Sorry for taking so long in responsing; I was rambling in the forest for few days.
For the an other question in post #16: the "anywhere" and "anywhere" are the source and destination addresses. But as said earlier, that is not the whole truth; run with "iptables -v -L" to see more comprehensive listing (and "iptables -t nat -v -L").
For post #18:
ok, now I know how you have connected your cables. What I don't know, is why. Well, I do know that you are figuring out a problem in some other configuration, but I don't get the more concrete target.
As I tried to distinguish in post #6 (by using two concrete cases plus an open case "c"), the forwarding might mean many things.

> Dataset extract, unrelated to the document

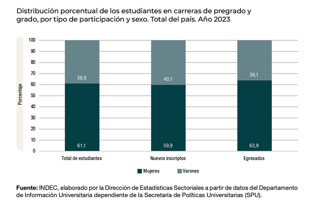 En detalle, los números del INDEC muestran que las mujeres representan el 64% de los nuevos profesionales a nivel nacional, mientras que los varones alcanzan el 36% de los títulos. En las aulas, la presencia femenina también es mayor: del total nacional de estudiantes, el 61% son mujeres, mientras que en las nuevas inscripciones ocupan el 59%.

Forwarding can happen in ethernet level, routing level or protocol level and most of these can be done either with or without modifying actual "envelopes" of packages.
Back to the network description:
So, you have now in test setting #1:
Internet <- ->
{Some external IP} [cable router] {Internal IP 192.168.100.something}
<- subnet (A) 192.168.100.0/24, carried in a switch I ->*
*(A) {192.168.100.5/eth0} [linux box] {200.0.0.250/eth1} <- subnet (B) 200.0.0.0/24 carried in a same switch I -> (B) {200.0.0.254} [mail server]

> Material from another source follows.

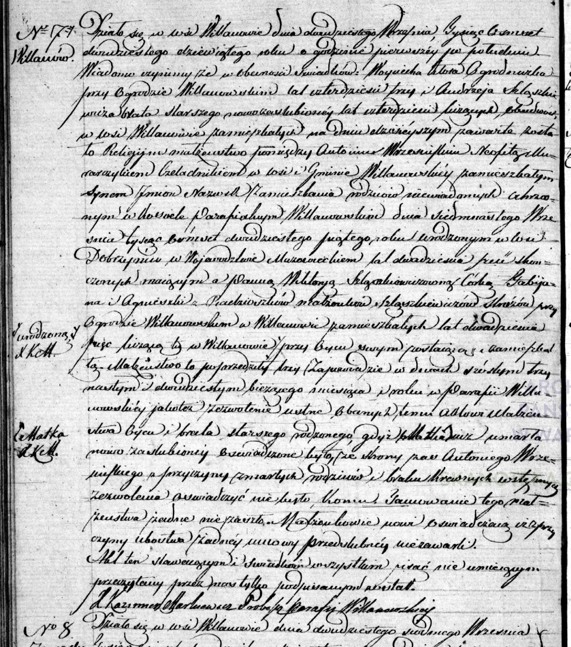 - ślub: Akt małżeństwa: Warszawa-Wilanów św. Anna (obecn. m. Warszawa), rok 1829, nr aktu 7 [indeks na http://geneteka.genealodzy.pl/] http://metryki.genealodzy.pl/metryki.php?op=kt&ar=1&zs=0177d&sy=1829&kt=2 [podgląd]
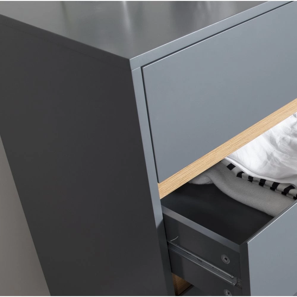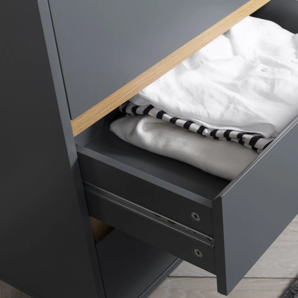 A contemporary design flirting with mid-century modern elements, Otto has a quirky minimalism thing going on. Guaranteed to add character to your boudoir, this wide set of drawers impresses with its clean, grey style and charming retro legs. Stash clothing, undergarments or accessories inside its spacious drawers, which are sure to accommodate all your folded essentials. Unique yet versatile, Otto makes an understated statement and manages to look uber-cool wherever you place it. Why not accentuate the retro-vibe by teaming the piece with matching styles from the Otto collection?

*(A) {192.168.100.7} [test machine]
Are the following claims true:
1. You are allowed to set the test machine to have any settings you might ever want.
2. You are allowed to set the linux box to have any settings you might ever want.
3. You are allowed to set the mailserver to have any settings you might ever want.
About the objectives, what do you want to happen in following cases when you write:
a) testbox# telnet 192.168.100.5 25
b) testbox# telnet 192.168.100.7 25
c) testbox# telnet
www.linuxquestions.org 25
(or any other arbitrary netsite)
d) testbox# telnet
www.linuxquestions.org 80
(or any other arbitrary netsite)
e) testbox# telnet 200.0.0.0 25
f) linuxbox# telnet 200.0.0.0 25
g) Are these relevant questions at all? Are you trying to archive something else?
Some more general remarks.
* There is normally not much sense in connecting two nics to the same switch. It might be useful is some cases, though, eg. when your switch supports ethernet bonging/channeling so you can get double throughput, but only partially useful on routing.
* Why do you want to put the mailserver into it's own subnet in the first place? Wouldn't it be
so much easier to just let the mailserver be one of the citizens (like 192.168.100.27) and setup others in the lan to use it as their mailserver. No routing, no address translation, no fuss at all.